### WORK TO COMPLETE:
The entries below are to be reproduced exactly, with their pictures omitted.

### Extracted records:
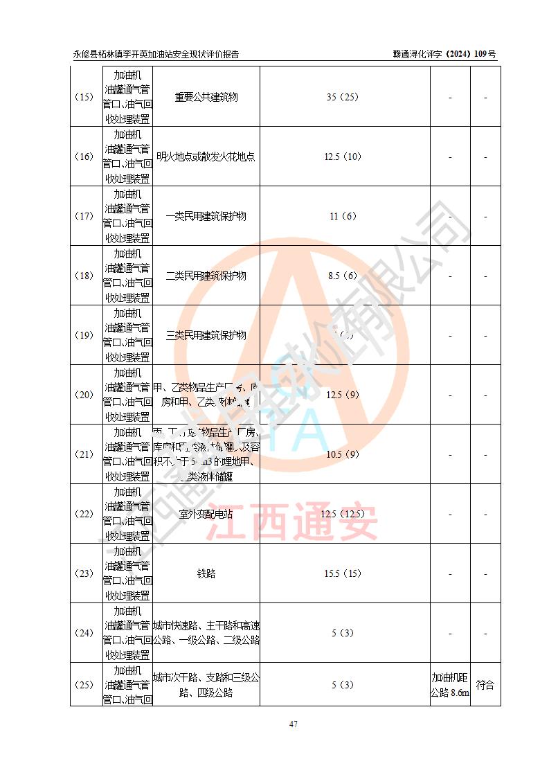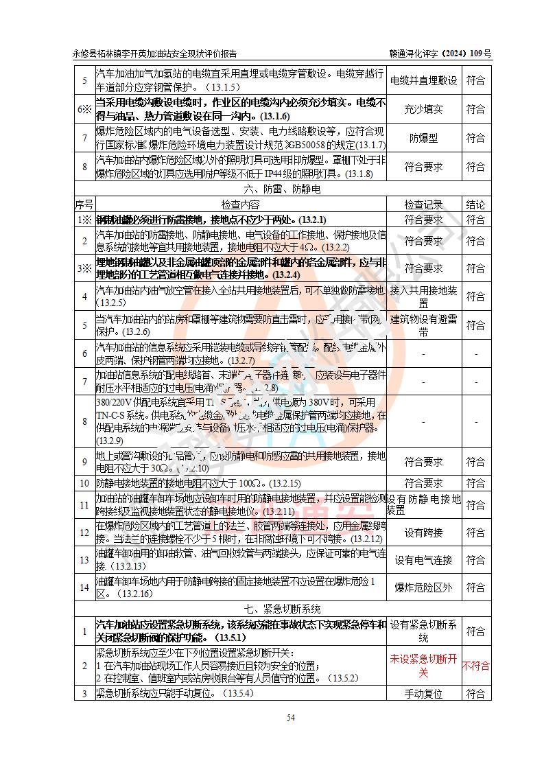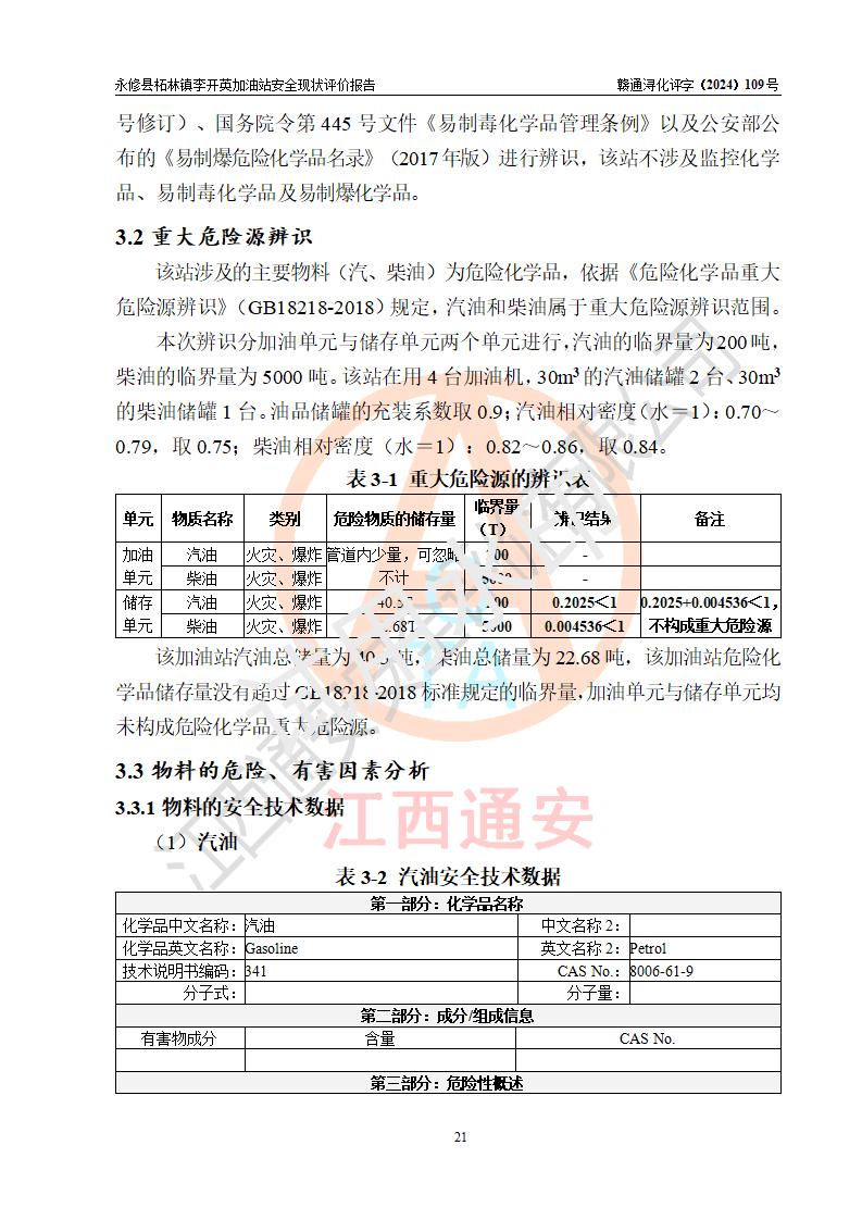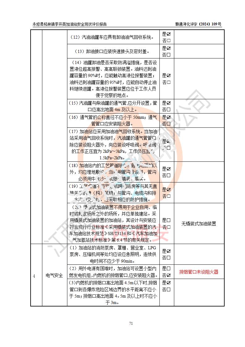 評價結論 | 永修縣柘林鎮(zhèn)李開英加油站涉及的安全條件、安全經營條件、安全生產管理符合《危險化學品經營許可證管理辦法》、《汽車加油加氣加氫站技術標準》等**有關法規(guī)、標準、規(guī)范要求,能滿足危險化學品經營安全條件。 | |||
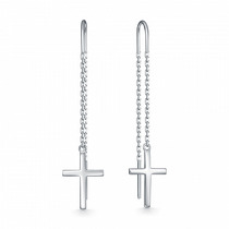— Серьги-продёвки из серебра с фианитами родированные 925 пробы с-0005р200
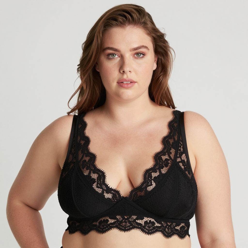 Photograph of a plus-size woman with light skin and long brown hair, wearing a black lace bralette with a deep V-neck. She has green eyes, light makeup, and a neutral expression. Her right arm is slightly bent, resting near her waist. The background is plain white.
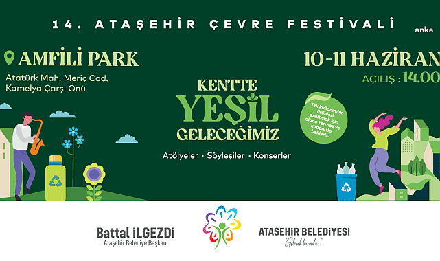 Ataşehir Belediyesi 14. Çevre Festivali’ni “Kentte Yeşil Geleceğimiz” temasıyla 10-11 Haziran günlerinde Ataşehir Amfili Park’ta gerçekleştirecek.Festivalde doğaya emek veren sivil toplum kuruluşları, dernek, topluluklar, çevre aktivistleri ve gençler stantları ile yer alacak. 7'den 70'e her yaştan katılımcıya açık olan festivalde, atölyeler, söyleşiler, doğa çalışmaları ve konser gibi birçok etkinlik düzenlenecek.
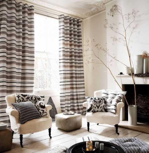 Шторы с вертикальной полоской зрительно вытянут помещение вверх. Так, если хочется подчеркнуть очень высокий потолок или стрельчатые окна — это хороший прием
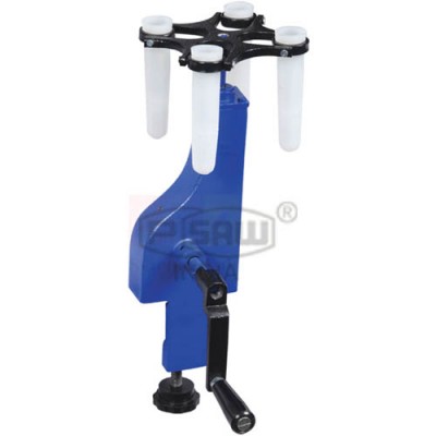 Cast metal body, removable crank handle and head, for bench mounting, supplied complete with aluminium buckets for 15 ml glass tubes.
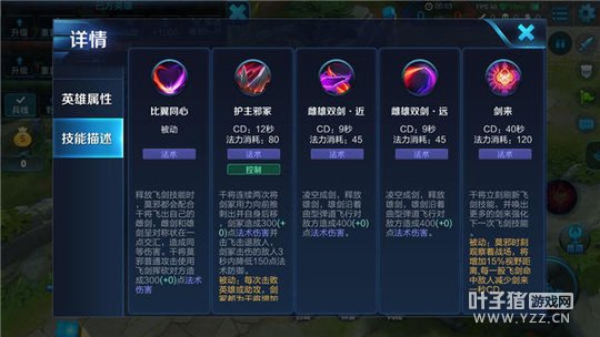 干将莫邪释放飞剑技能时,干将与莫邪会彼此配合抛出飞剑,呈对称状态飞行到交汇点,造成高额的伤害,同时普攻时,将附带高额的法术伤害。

### COMPLETED EXERCISE:
 評價結論 | 永修縣柘林鎮(zhèn)李開英加油站涉及的安全條件、安全經營條件、安全生產管理符合《危險化學品經營許可證管理辦法》、《汽車加油加氣加氫站技術標準》等**有關法規(guī)、標準、規(guī)范要求,能滿足危險化學品經營安全條件。 | |||
— Серьги-продёвки из серебра с фианитами родированные 925 пробы с-0005р200
 Photograph of a plus-size woman with light skin and long brown hair, wearing a black lace bralette with a deep V-neck. She has green eyes, light makeup, and a neutral expression. Her right arm is slightly bent, resting near her waist. The background is plain white.
 Ataşehir Belediyesi 14. Çevre Festivali’ni “Kentte Yeşil Geleceğimiz” temasıyla 10-11 Haziran günlerinde Ataşehir Amfili Park’ta gerçekleştirecek.Festivalde doğaya emek veren sivil toplum kuruluşları, dernek, topluluklar, çevre aktivistleri ve gençler stantları ile yer alacak. 7'den 70'e her yaştan katılımcıya açık olan festivalde, atölyeler, söyleşiler, doğa çalışmaları ve konser gibi birçok etkinlik düzenlenecek.
 Шторы с вертикальной полоской зрительно вытянут помещение вверх. Так, если хочется подчеркнуть очень высокий потолок или стрельчатые окна — это хороший прием
 Cast metal body, removable crank handle and head, for bench mounting, supplied complete with aluminium buckets for 15 ml glass tubes.
 干将莫邪释放飞剑技能时,干将与莫邪会彼此配合抛出飞剑,呈对称状态飞行到交汇点,造成高额的伤害,同时普攻时,将附带高额的法术伤害。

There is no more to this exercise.